More resources. Third-party organizations may also be able to utilize more resources than you can summon on your own. For example, they may be able to leverage more manpower, provide more tech resources, or connect you with other firms that can fulfill your needs.

Neutral, unbiased views. Teams within organizations often suffer from groupthink – the tendency for everyone within a group of people to think and see things the same way. If all the members of your team are in alignment, they may suffer from the same biases, assumptions, and viewpoints – blinding them to the realities of your company’s biggest risks. Working with a third party can connect you to a more neutral, unbiased view.

Accountability. Working with another organization is also a way to hold another party accountable for the risk evaluation. They’re incentivized to uncover and address every possible risk, with their own reputation on the line, so they’re inclined to be much more thorough in their execution.

It’s true that hiring a third party is often more expensive than tapping the power of your own internal staff, but the benefits are often worth the extra money.

Involve More People

Even if you’re hiring a third-party organization to handle your risk evaluation, it’s important to involve many different people within your organization to monitor and assist with the process. This way, you’ll have a stronger, more diverse team to look at the various problems you face from multiple different angles – and you’ll have an easier time communicating core concepts across multiple different departments.

Prioritize Risks Carefully

One of the most important areas of development in any risk evaluation is to analyze and prioritize risks. When doing this, make sure you consider every possible variable, including:

Potential for occurrence. How likely is it that your business will face this threat in the future? How much of a target is your business? How many security measures do you have in place to prevent this problem from occurring?

Potential damage. How much damage would your business suffer if this threat occurred? There’s a big difference between a highly likely $10,000 problem and a highly unlikely $10,000,000 problem – and not every company would weigh the risks of these scenarios the same way.

Potential visibility and other repercussions. If your business faces this specific threat, how would it affect your reputation? Would the business be forced to change in some way? Would it face legal risks?

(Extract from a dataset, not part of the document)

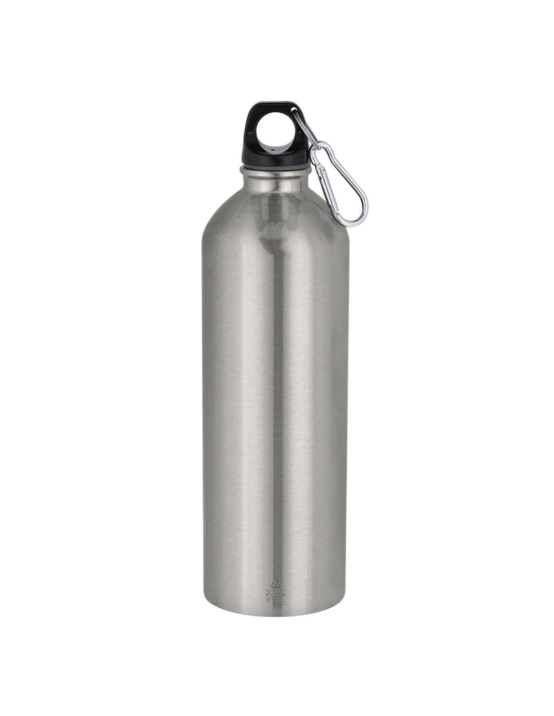 Bidón con 800 ml de capacidad. Fabricado en Acero Inoxidable Reciclado con acabado metalizado. Tapón negro de cierre a rosca para garantizar un sellado óptimo. Incluye mosquetón metálico que facilita su transporte. Con distintivo Acero Inoxidable Reciclado. El acero es uno de los materiales más demandados y que puede encontrarse casi en todas partes, desde productos de uso diario a grandes construcciones. Con innumerables propiedades, entre las que cabe destacar la durabilidad y su alto grado de reutilización, convirtiéndolo en una alternativa muy valorada en soluciones de sostenibilidad. Debidamente tratado, permite obtener nuevos recursos de infinita utilización.

Potential remediation. You’ll also want to think about the right way to respond to an attack (or other threat unfolding in real time). If a threat can be easily identified and squashed before it causes any real damage, it can be treated as a lower priority than a threat that’s almost impossible to see coming.

Focus on Actionable Takeaways

Next, make sure you’re focused on actionable takeaways. It’s interesting and thought-provoking to see a list of the risks and threats faced by your business – but that list isn’t going to serve much of a purpose by itself. Instead, you’ll need to use that list to educate and train your staff members, invest in new technologies, revisit and change your old procedures, and roll out new procedures.

Improve Over Time

Finally, understand that there’s no such thing as a “perfect” approach to risk evaluation. The risks faced by businesses are changing all the time – and so is the landscape of risk assessment. On top of that, most businesses make mistakes and overlook key variables in their earliest forms of risk assessment. Over time, you should learn new things, challenge your old ways of doing things, and adjust your approach to gradually improve over time.

Risk assessments don’t have to be gargantuan, clumsy, and expensive endeavors. Instead, they can be tight, focused, efficient, and a reasonable integration into your business. As long as you’re actively including risk evaluations in your business and working to improve them over time, you’ll be ahead of most of your competitors.